◆ **What to produce**: Beginning with the line containing "洽谈区的设计延续了空间的礼序" and ending with the line containing "Πρόσκληση, χαρτόνι αναδιπλωμένο, 11×14", write out each line of the records below exactly; pictures and lines outside that range are left out.

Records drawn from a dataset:
──────────────────────────────

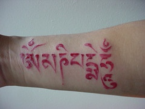 手腕红色印度字符纹身图案
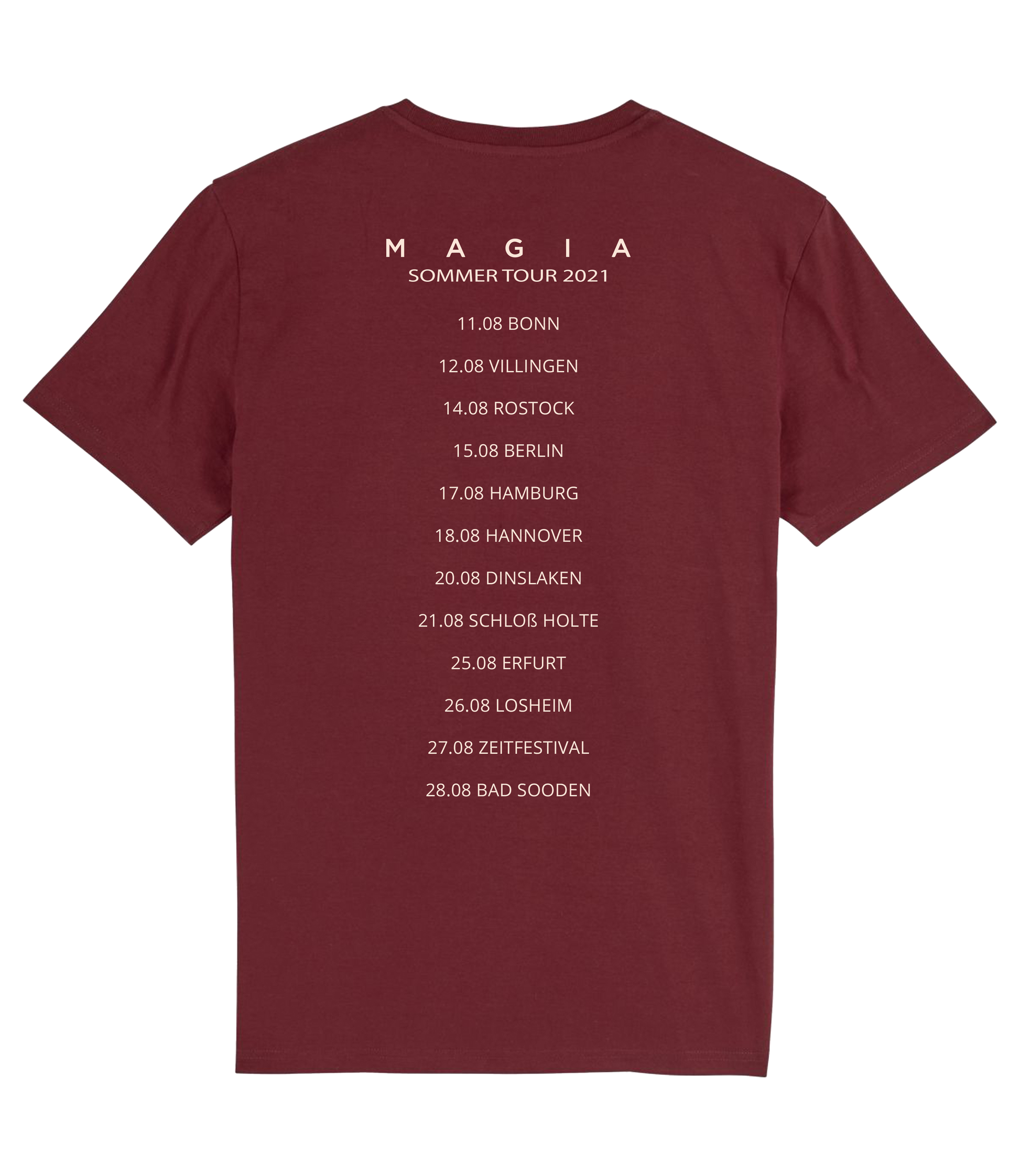 Das Alvaro Soler "Magia" Sommertour Shirt in Dunkelrot, besteht aus 100% Bio-Baumwolle, kommt in normalem Schnitt und hat einen hochwertigen Frontprint auf der Brust und einen Backprint mit den Tourdates.
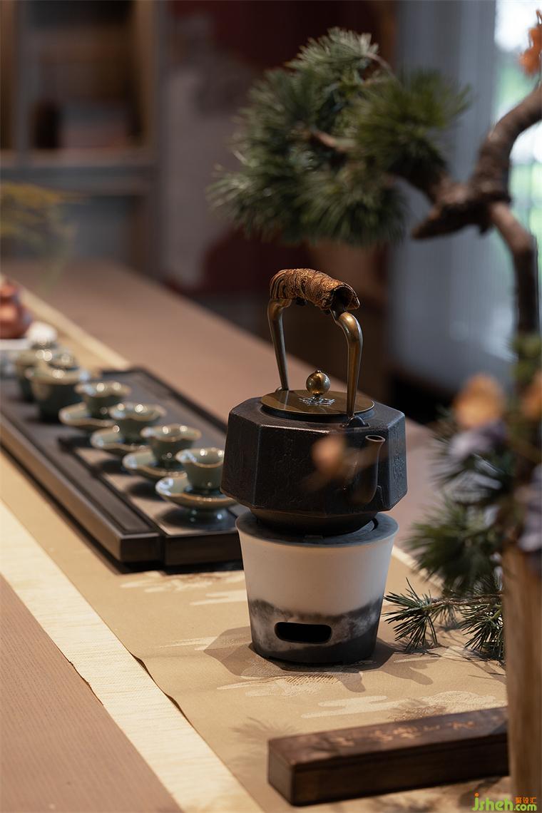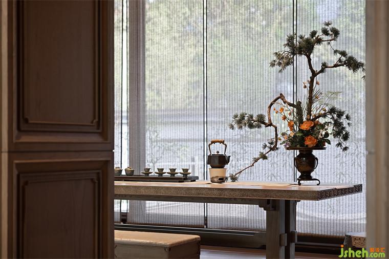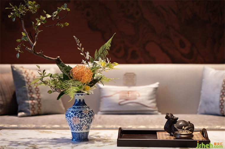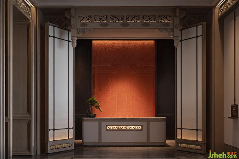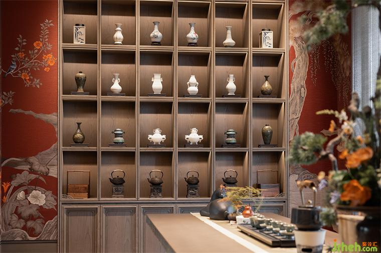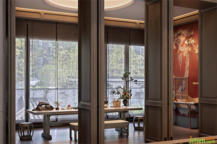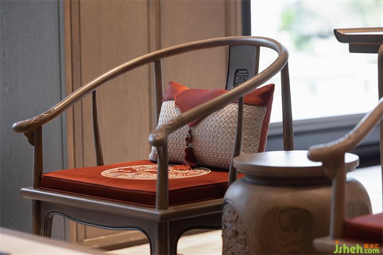 洽谈区的设计延续了空间的礼序之美,搭配宋式家具,长沙会所设计营造家的真实感受和舒适商谈氛围,光影交错下,一抹中国红的柜体,作为跳跃色点燃空间情绪,传达着当代中式美学的奢华。
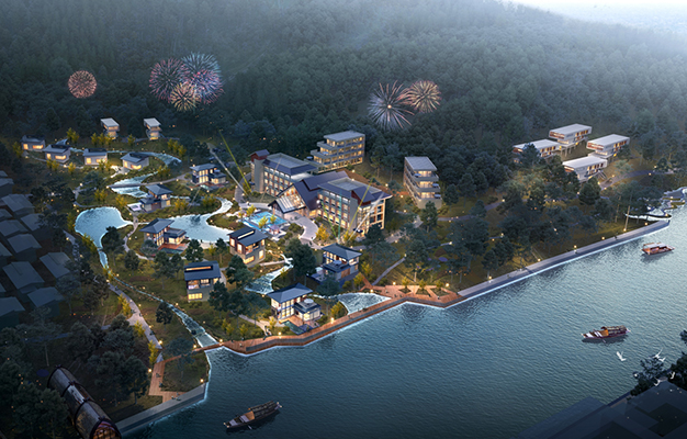 杭州千岛湖希尔顿酒店依陡峭的山体,临湖而建。湖水随着季节的更替,水位相差数十米左右。在建筑规划中,由七座楼宇形成一个整体,其间楼宇的朝向与功能都不一样,而且酒店的大堂入口面山而建,山体的竖向结合景观的竖向进行考虑,亦减少对山体的破坏。较陡峭的区域设计了亲水的草坡,比较平缓的区域设计了梯级的草阶,多处山体地形亦按景观的建议进行修整。
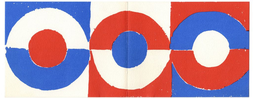 Πρόσκληση, χαρτόνι αναδιπλωμένο, 11×14 εκ., στα γαλλικά, εγκαινίων έκθεσης των Sonia και Robert Delaunay για τους εκπροσώπους του Τύπου, στην Εθνική Βιβλιοθήκη της Γαλλίας στο Παρίσι.
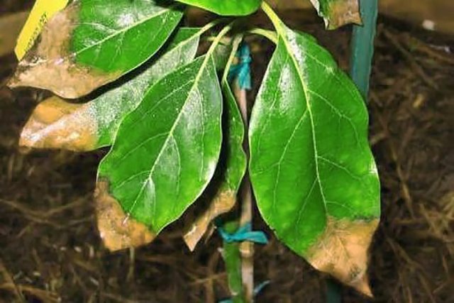 Пожелтение листьев может вызвать и несвоевременное обильное опрыскивание растений (особенно при невысокой температуре воздуха), а пожелтение и высыхание кончиков листьев – жесткая поливочная вода (еще одним признаком этой проблемы может служить беловатый налет на поверхности почвы).
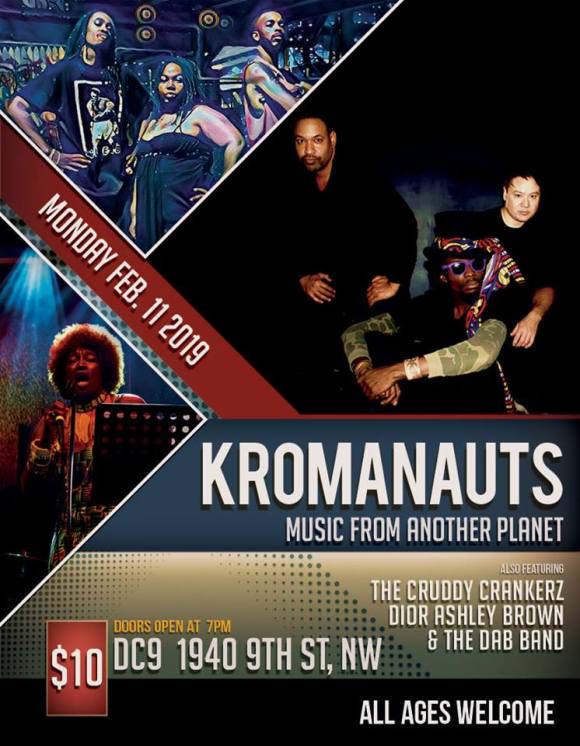 Happy 15th Birthday to DC9! The perfectly-sized live music and dance club at 9th & U is celebrating with another week of great shows and DJ nights. Tonight they host the upbeat reggae band Kromanauts, along with Dior Ashley Brown and The Cruddy Crankers.
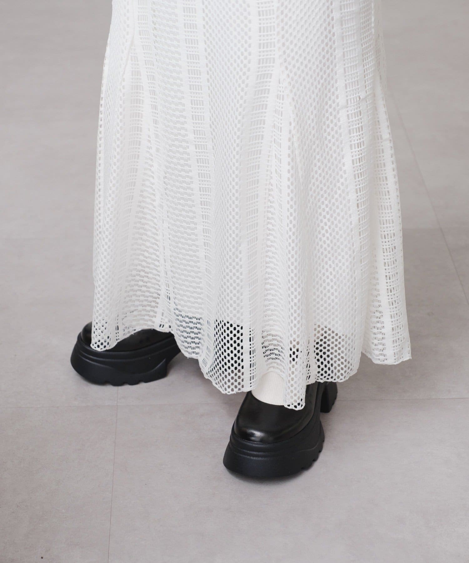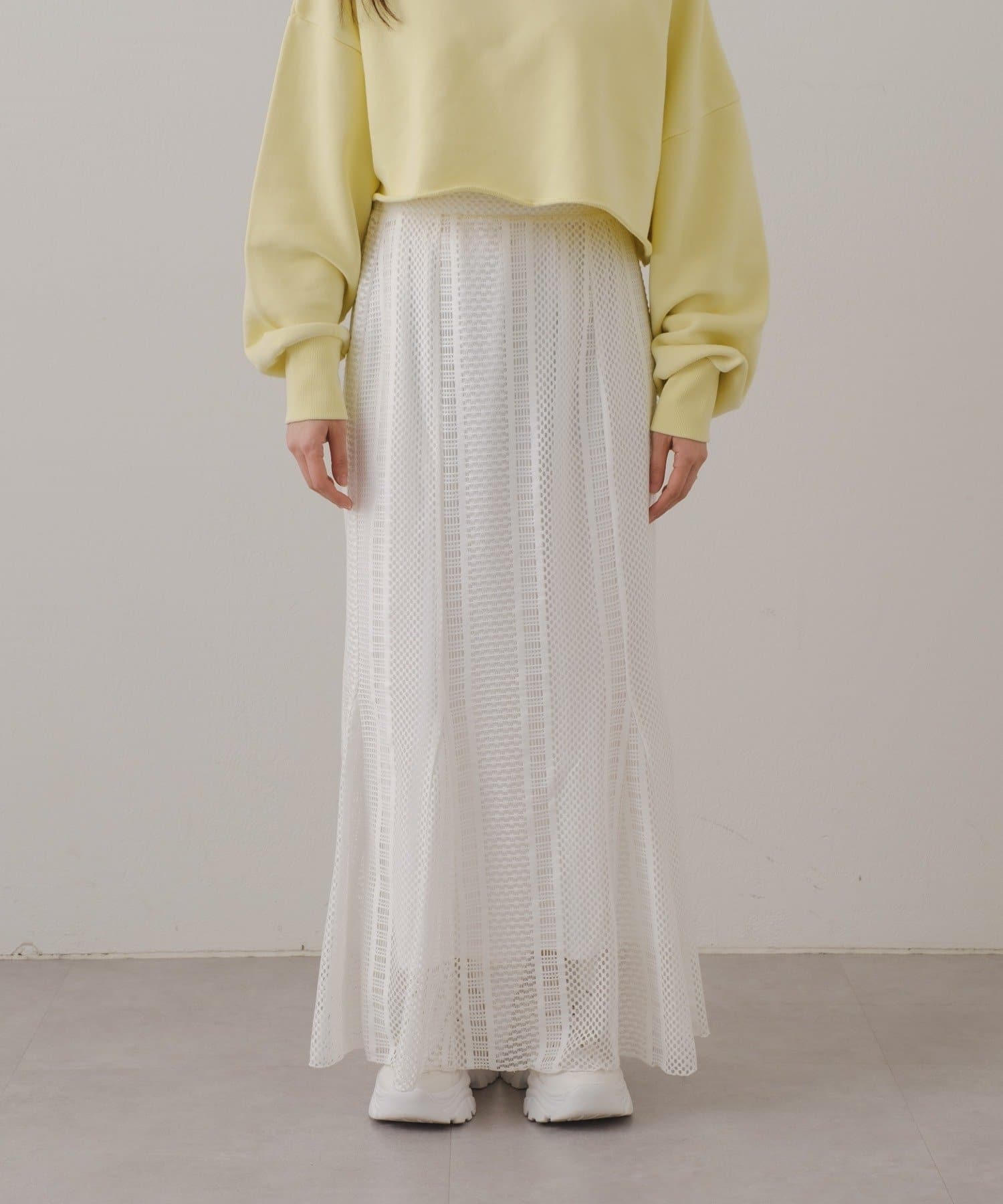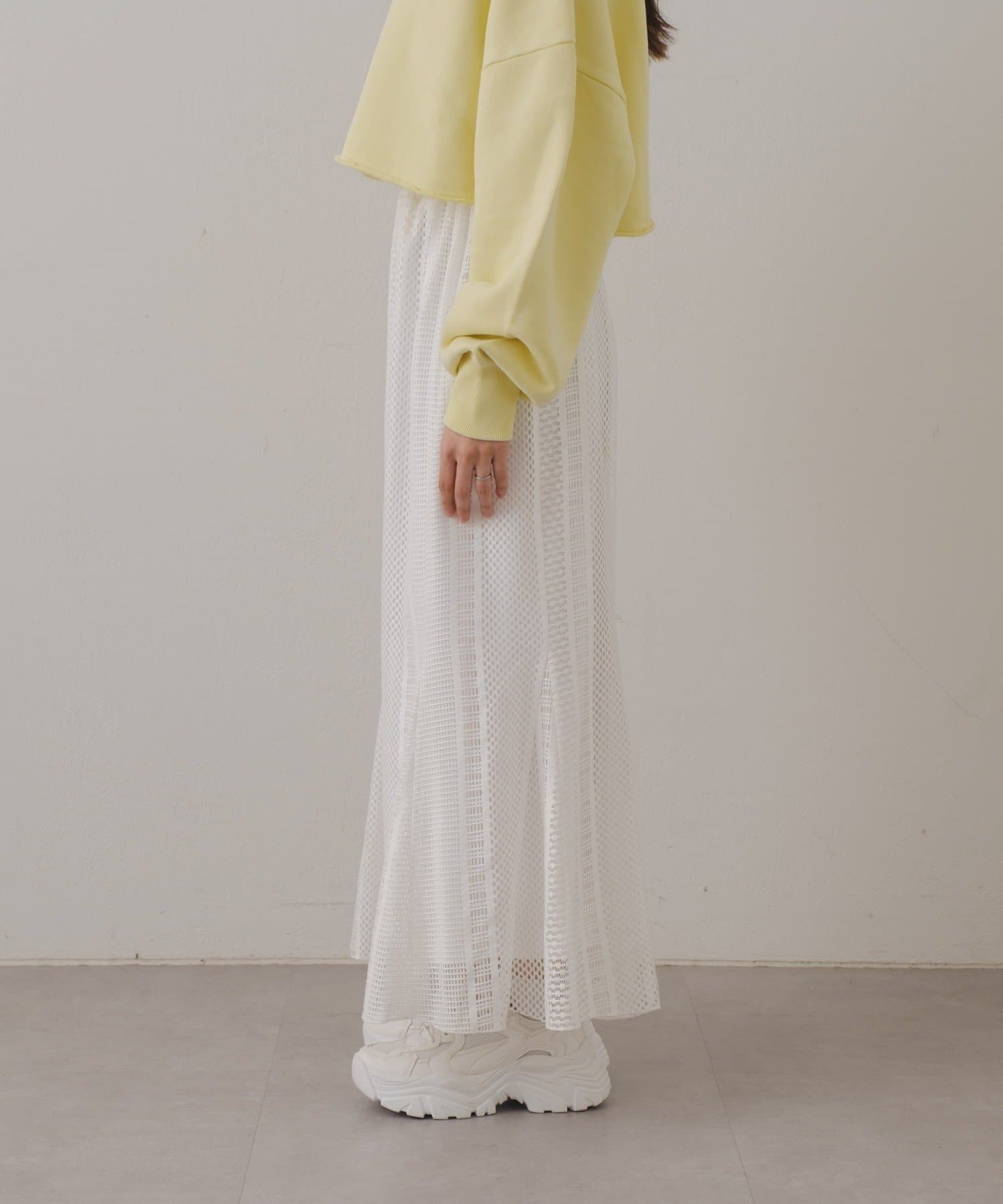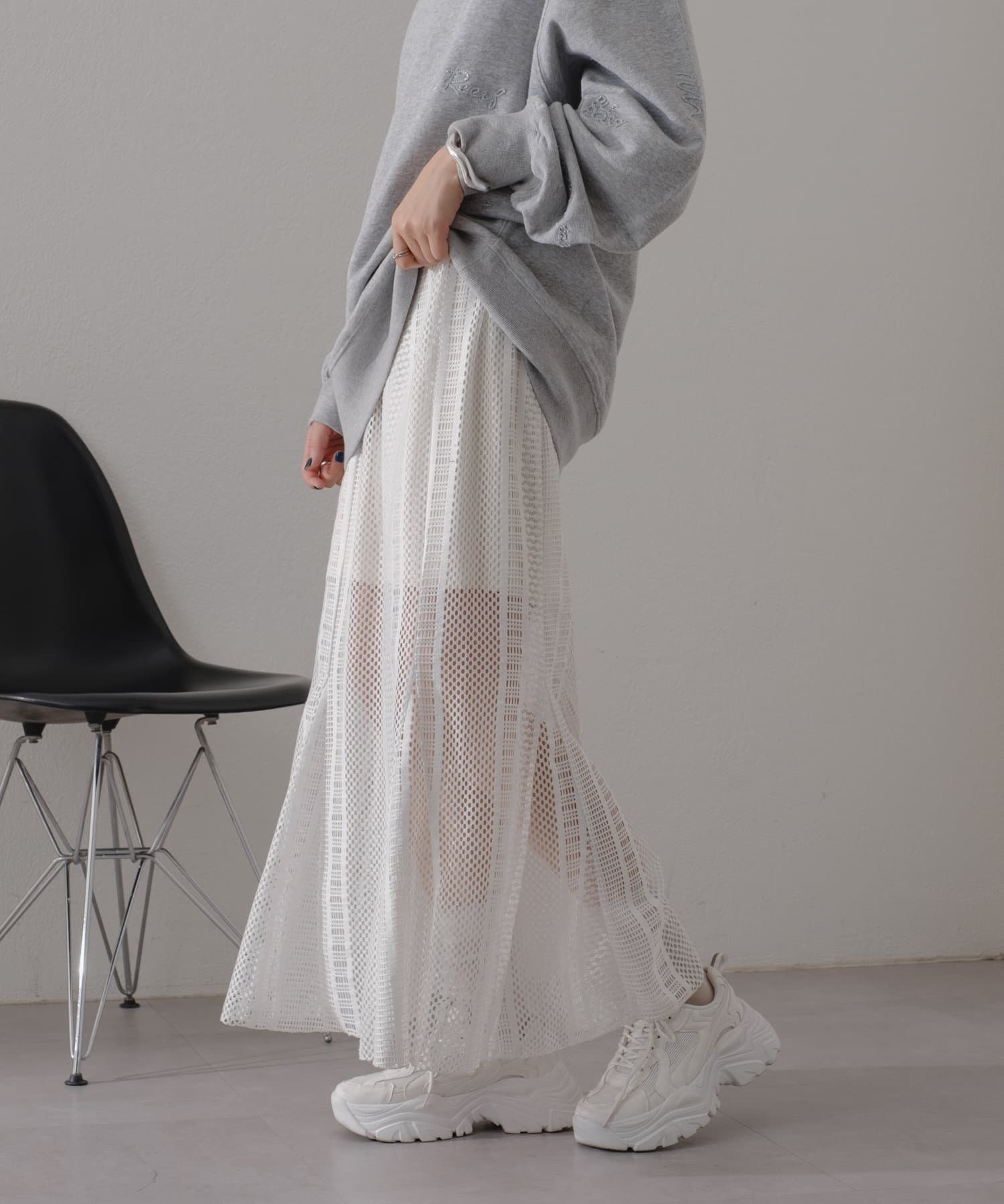 裾に向かって広がるマーメイドラインなので、オーバーサイズのトップスとの相性◎

──────────────────────────────

◆ **Result of this exercise**:
 洽谈区的设计延续了空间的礼序之美,搭配宋式家具,长沙会所设计营造家的真实感受和舒适商谈氛围,光影交错下,一抹中国红的柜体,作为跳跃色点燃空间情绪,传达着当代中式美学的奢华。
 杭州千岛湖希尔顿酒店依陡峭的山体,临湖而建。湖水随着季节的更替,水位相差数十米左右。在建筑规划中,由七座楼宇形成一个整体,其间楼宇的朝向与功能都不一样,而且酒店的大堂入口面山而建,山体的竖向结合景观的竖向进行考虑,亦减少对山体的破坏。较陡峭的区域设计了亲水的草坡,比较平缓的区域设计了梯级的草阶,多处山体地形亦按景观的建议进行修整。
 Πρόσκληση, χαρτόνι αναδιπλωμένο, 11×14 εκ., στα γαλλικά, εγκαινίων έκθεσης των Sonia και Robert Delaunay για τους εκπροσώπους του Τύπου, στην Εθνική Βιβλιοθήκη της Γαλλίας στο Παρίσι.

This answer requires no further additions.